Despite the prevalence and adverse outcomes of experiencing mental health problems during adolescence and young adulthood, young people are often reluctant to seek help for mental health problems [
9] and are the least likely of all age groups to receive appropriate mental health care [
1,
10]. To better facilitate the engagement of young clients, services need to be youth-friendly, delivered in a low-stigma setting and offer accessible and acceptable interventions for young people [
11,
12] that are developmentally appropriate [
13,
14]. Effective treatments for this population that target early phases or sub-threshold levels of disorder have the potential to reduce the risk of persistence and recurrence [
3,
15,
16], and impairments in social, educational and vocational functioning [
3‐
5].
A potentially useful framework to guide treatment decision-making is the clinical staging model for psychiatric disorders, which proposes matching specific interventions to specific stages of illness [
17‐
19]. This model is predicated on the notion that treatments delivered earlier in the course of illness development will be safer and more effective than those delivered later in the course of more established illness, with earlier treatment potentially preventing progression to more severe forms of disorder [
17]. For example, milder, yet potentially serious disorders at a sub-threshold or early stage may respond to simple interventions such as psychosocial support, self-help strategies and psycho-education, reserving more intensive psychotherapy and/or pharmacotherapy for later or more severe stages of illness. However, the majority of studies that have contributed to the current evidence base of interventions for young people with depression and anxiety have included participants with full-threshold levels of disorders (e.g., see [
20‐
22] for systematic reviews). It remains unknown whether less complex or intensive interventions, often used as control conditions in treatment studies of more severe disorders, would be feasible and effective treatments for those experiencing milder or sub-threshold forms of mental health problems.
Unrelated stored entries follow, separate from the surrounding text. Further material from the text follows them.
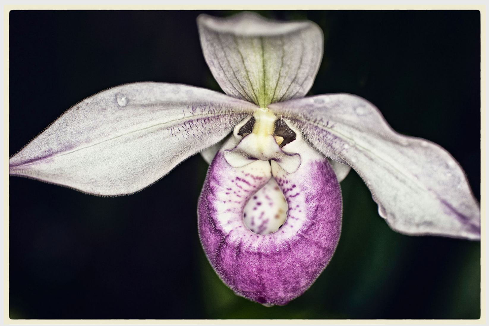
Brooklyn Orchid, 2012.

March 30, 2005: It is cold, windy and grey. Weary and drained by a long winter and in need of solace, I pick up my camera and ride the subway to the Brooklyn Botanic Garden. Although I have lived almost my entire life in New York City, I have never visited this Garden before. The trees are still bare but when I look closely I see the promise of Spring in the beginning buds. The wind ripples across the sleeping lily pools, the pale sun glinting on small tangerine-colored koi darting here and there beneath the shadows.
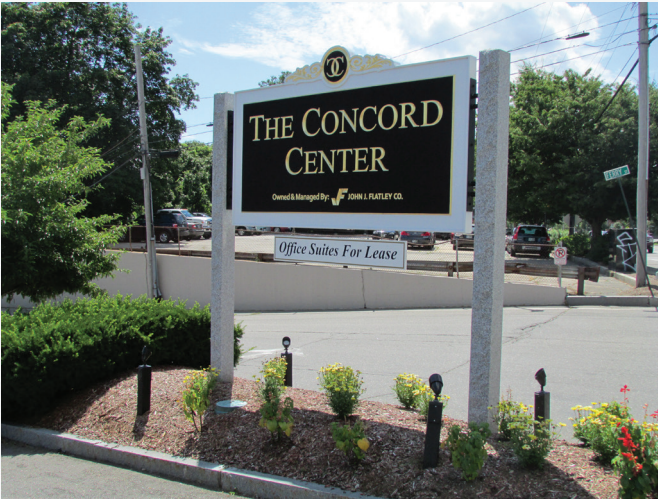
Visibility on Main Street
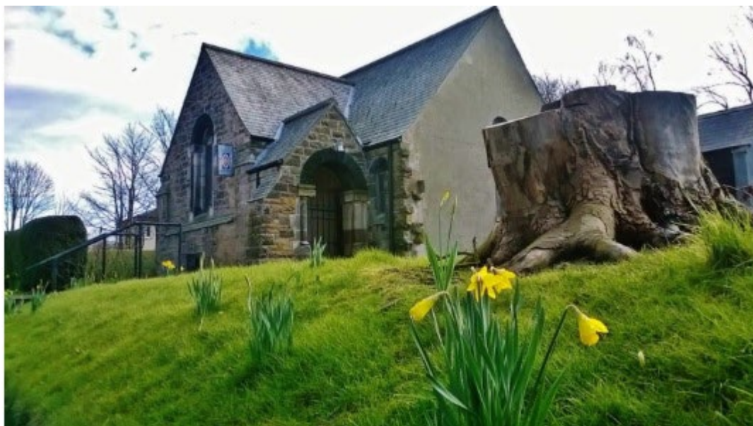
St Catharine's, Bo'ness
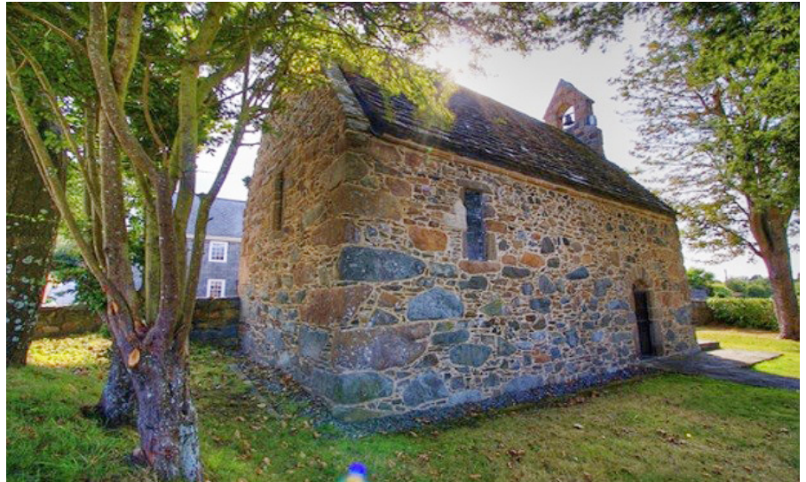
St. Apolline's Chapel
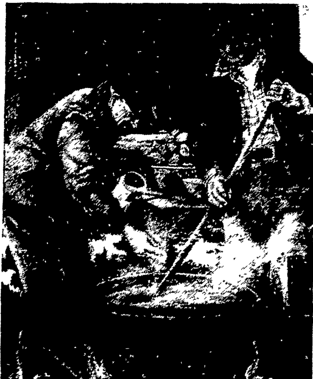
Ponhaus. This oil painting features butchering which is still a common occurrence in Hetterville.
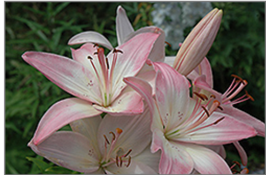
Marlene Lily flowers
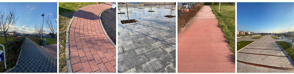
Figure 32. Flooring materials (Original, 2022)

There are not many shading elements in the area, since it is generally a light green area. PVC tarpaulin shading element, which can be opened and closed, is generally used in the seating areas (Figure 33).
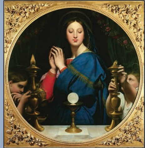
Image: Jean-Auguste Dominique Ingres, The Virgin Adoring the Host 1854, Oil on canvas, Musée d'Orsay, Paris
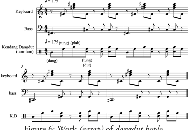
Figure 6: Work (garap) of dangdut koplo.

In the same part, in the middle to 'pos', dangdut koplo rhythm becomes more complex when kendangan instrument of dangdut koplo change to techno (electric) drum instrument. Kendang player which in first plays kendang instrument then changes to play electric pad drum. This electric pad drum instrument is programmed to create techno (electric) drum sound through sampling technology. This instrument change also brings influence to music nuance. Rhythm of dangdut koplo then seems to transform to be EDM (disco) music. Here is a piece of transcription and documentation of its performance (see Figure 7 and 8).
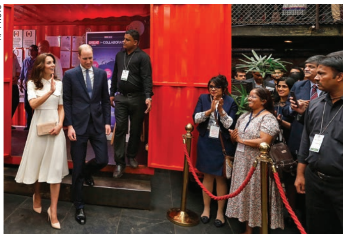
Britain's Prince William (second left), and his wife Kate (left), the Duchess of Cambridge, arrive at young entrepreneurs' event in Mumbai

William and Kate will then head back to India, where they'll wind up their tour with a visit to the Taj Mahal, retracing the steps of a 1992 visit to the monument of love by William's mother, the late Princess Diana.
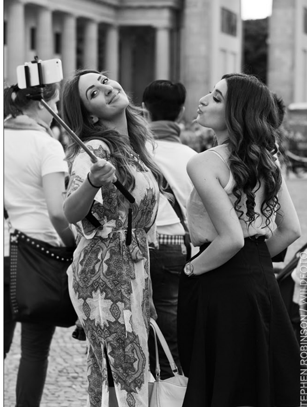
Selfie Tip 5: The Selfie Masters Advanced exponents of The Art of the Selfie tour the World's most iconic landmarks, always impeccably dressed, designer-accessorised, and ready to strike one of their well-rehearsed poses. It's said that some of them have more Fussbook 'friends' than Mark Zuckerberg has dollars.
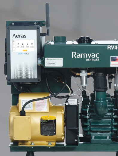
AERAS DRY VACUUM
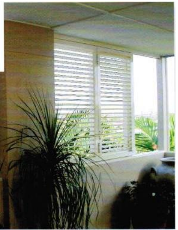
Stylish Protection from the Elements
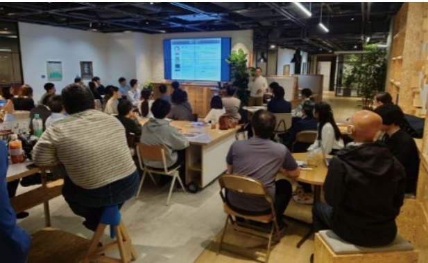
External exchange activities as part of the Value Creation Community

In response to the Global Safety, Fire Prevention, and Quality Declaration issued by the president, all employees make a Declaration of Thought and Action based on their roles and responsibilities. During initiatives like Global Quality Month, employees reflect on their actions while prioritizing Customer First and Quality First. As part of this effort, we have established the Quality Learning Center to provide a space for learning and cultivating a quality-oriented mindset.
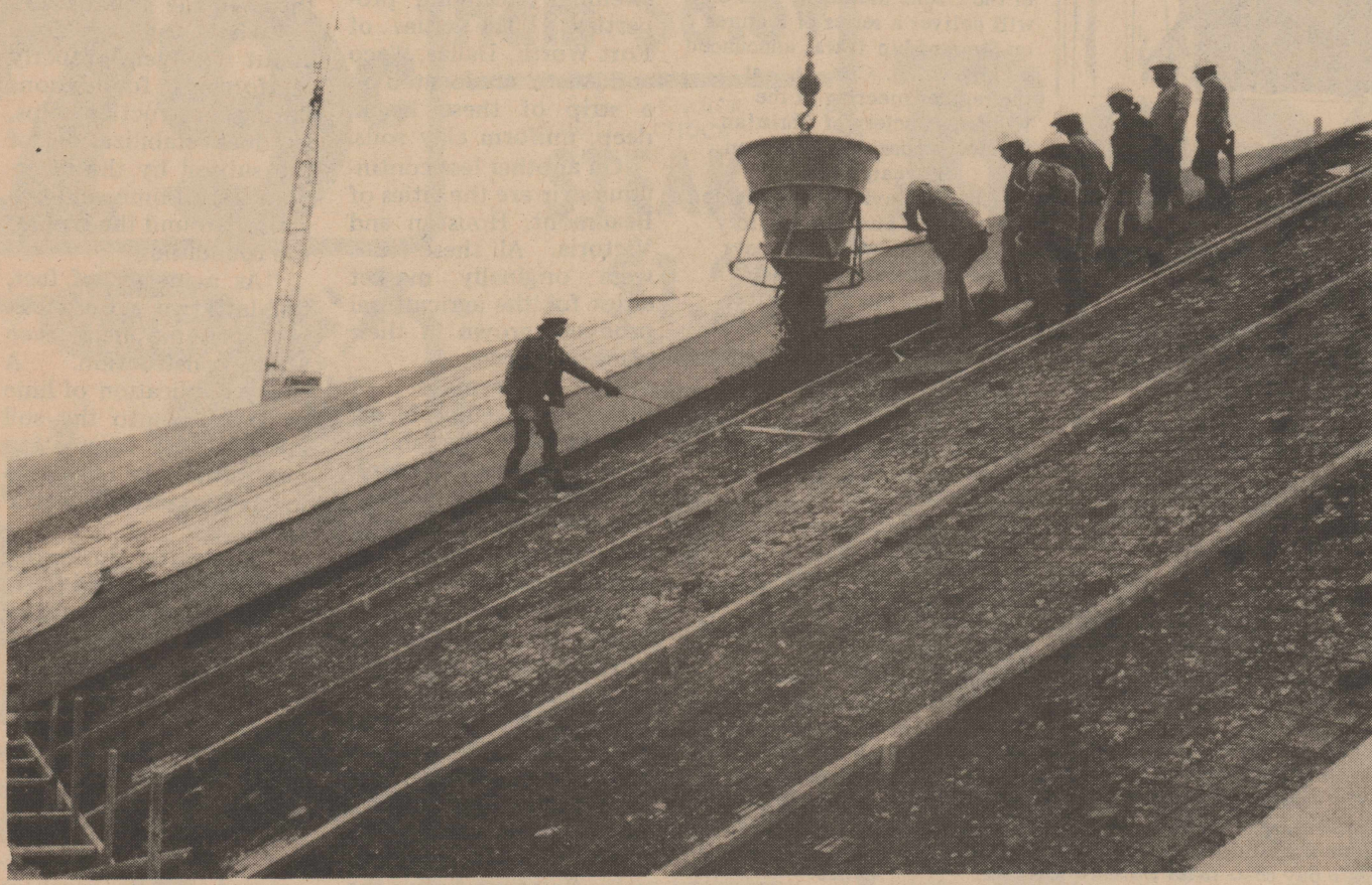
AROUND 5,000 YARDS OF CONCRETE will have been used when both sides of the dirt elevation of IS-10 through Ozona have been covered. Zachry Co. workers are pouring concrete with speed here Tuesday afternoon in anticipation of a front which is supposed to bring bad weather to the area. Both sides had been completed to the Gurley Draw bridge by late Tuesday. Dry weather has aided the concrete workers. A wet front would shut operations down until dry weather set in for several days.
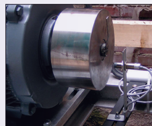
Rotational speed sensor on the generator

The majority of psychological treatment trials for young people with depression and/or anxiety disorders have used cognitive-behaviour therapy (CBT), or adaptations of this therapy, as the intervention [
20,
21]. These trials have typically included participants with moderate to severe full-threshold disorders of prolonged duration, typified by the two major studies of psychological and pharmacological therapies for depression; the Treatment for Adolescent Depression (TADS; [
23]) and the Adolescent Depression Antidepressant and Psychotherapy Trial (ADAPT; [
24]). Brief forms of this therapy have rarely been offered, with 12 sessions as standard [
20] and most trials have been based in specialist mental health settings, making it unclear whether the intervention would be feasible or acceptable for young people with mild to moderate or sub-threshold forms of disorders who present for treatment in primary or enhanced primary care settings.
The multiple strategies in the mode of CBT disseminated in the TADS study has been criticised as being too dense, with simpler models of CBT that focus on one or two core components, such as behaviour activation and problem solving, argued to be more beneficial [
25]. Indeed, a recent meta-analysis of psychotherapy for depressed children and adolescents demonstrated that both cognitive (i.e., CBT) and 'non-cognitive' (for example, behavioural activation, family therapy, behavioural problem solving, group support and social skills training) strategies were equally effective in treating depression [
21], suggesting that the specific targeting of cognitions might not be a necessary component of effective treatment in young people [
26]. Further, it has been argued that young people appear to be more interested in treatment that offers them a chance to be listened to and to learn new skills rather than develop a deeper understanding of the psychological processes that contribute to their behaviour [
27]. Combined, these findings suggest the importance of exploring alternative psychotherapies to CBT that may be more acceptable and effective in younger populations with mild to moderate or sub-threshold levels of disorder.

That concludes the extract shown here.